The basic plot is as follows: Solomon Silverfish, a lawyer of indeterminate specialty (sometimes he represents his brother-in-law, prone to drunk driving, and sometimes some unsavory pimp-types) has long been devoted to his wife, Sophie, who is in the end stages of dying from cancer. He’s called out by said brother-in-law in the middle of the night to fetch him from the drunk tank, but when Solomon goes, his friend is there with another acquaintance and Silverfish’s otherbrother-in-law. The trio tells Silverfish they know he isn’t really Jewish and he’s been lying about it all these years; Silverfish essentially says he never told them one way or another, so it doesn’t really count as lying. Meanwhile, Sophie’s parents visit her at her home and tell her what’s happening; Sophie stands by her husband, but in the midst of her defense, gets violently ill and is rushed to the hospital. The piece ends with a section in the first-person (most of the rest is, like Infinite Jest, sections in rotating close-third) voice of the pimp, who’s describing Solomon’s first attempt to buy weed for Sophie, to alleviate her nausea, and then a questionable vision of Silverfish committing adultery (I think it’s a hallucination but what do I know).

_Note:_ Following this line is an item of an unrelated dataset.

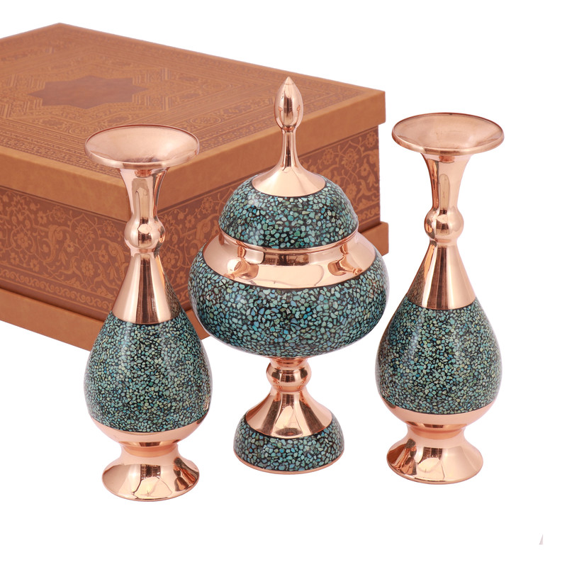 سطح ظروف این مجموعه با قطعات ریز و درخشان فیروزه طبیعی تزئین شده که در کنار زمینهی مسی، زیبایی سنتی و اصالت هنر ایرانی را بهخوبی نمایان میسازد. شکلاتخوری دربدار، علاوه بر جنبهی تزئینی، کاربردی و مناسب برای پذیرایی رسمی است. گلدانهای بلند با طراحی هماهنگ، شکوه و توازن کمنظیری به این ترکیب بخشیدهاند.

At the risk of sounding like a total philistine, I really have no idea what the… point of this story was, overall? There were nods, I think, to the all-consuming power of romance and partnership––Solomon and Sophie’s devotion to one another is total and, at times, sweet––and to the great equalizing indignities of dying, but there seemed to be some kind of Bigger Meaning that was just completely lost on me. I say “seems to be,” because a non-Jew pretending to be a Jew––and maybe I’m biased here but it’s what I think––is an idea very pregnant with symbolism, and it was just completely unclear what it was symbolic of. Literally the only thing I can come up with is that Solomon feigned Jewishness because he was so instantly enamored of Sophie that he decided on the spot to live a lie, and the fact that they remained the Platonic image of love means that Solomon’s choice was the right one in the face of his small-minded identity-obsessed compadres. Translation: love conquers all, love is love, whatever. But this seems way too saccharine and quotidian for a guy who characterized his first novel as “a conversation between Wittgenstein and Derrida,” and who generally is not a sentimentalist nor one whose work betrays any interest whatsoever in community norms and politics.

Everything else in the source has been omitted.